Keep tag/event scripts fast (single-digit ms ideally).
Provide a clean “upgrade / cutover” during production enviroments using maintenance mode.

How we mitigate mixed-version execution¶

We use maintenance controls and generation swap instead of pretending restarts do not happen.

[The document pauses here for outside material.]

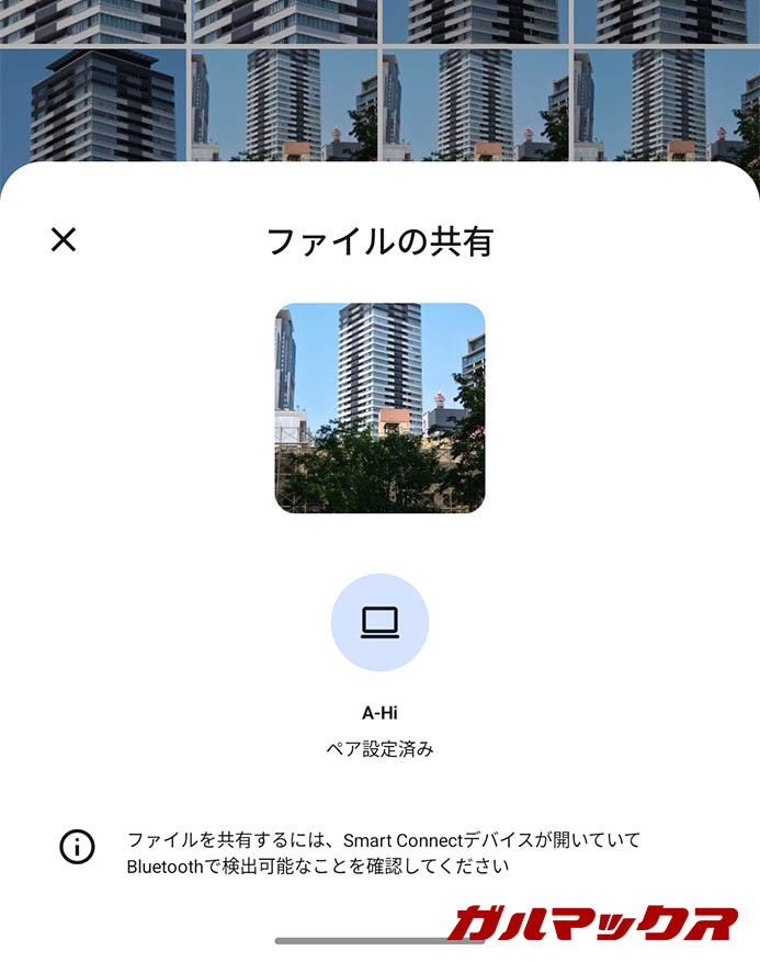 ▼また、接続中はスマホの各アプリの共有ボタンを押すとQuickShareとは別に、AirDropのようにPCにファイルを送信できるようになります。↓

enterMaintenance(mode="drain"): stop claiming new work.
Let in-flight work finish.
swapIfDrained(): swap executors and increment generation when drained.
exitMaintenance(): resume normal dispatch.

sequenceDiagram
  participant Op as Operator/Admin
  participant API as api.admin
  participant RT as Runtime

  Op->>API: enterMaintenance("drain")
  API->>RT: maintenanceEnabled=true
  Note over RT: dispatch no longer claims new rows
  Op->>API: getMaintenanceStatus()
  Op->>API: swapIfDrained()
  API->>RT: replace executors, generation++
  Op->>API: exitMaintenance()

This does not magically preempt running step code (that is a non-goal). It gives you a controlled cutover model.

References¶

These posts explain the lifecycle/thread behavior this design is built around:

When are gateway scripts reloaded?
project save creates new interpreter; running scripts/threads keep old environment.
Request persistence of an object instance after scripting save
old Jython objects can persist; invokeAsynchronous threads can be a major hazard.
Gateway Script Error: super(type, obj) ...
clear explanation that save does not kill running threads.
Garbage collection for scripts
guidance on long-lived thread shutdown signaling.
Tag value change event
why tag event scripts should be single-digit milliseconds.
Script execution time
deeper details on tag event thread pools and missed events.
Managing multiple asynchronous threads
practical discussions around multi-thread script management in Ignition.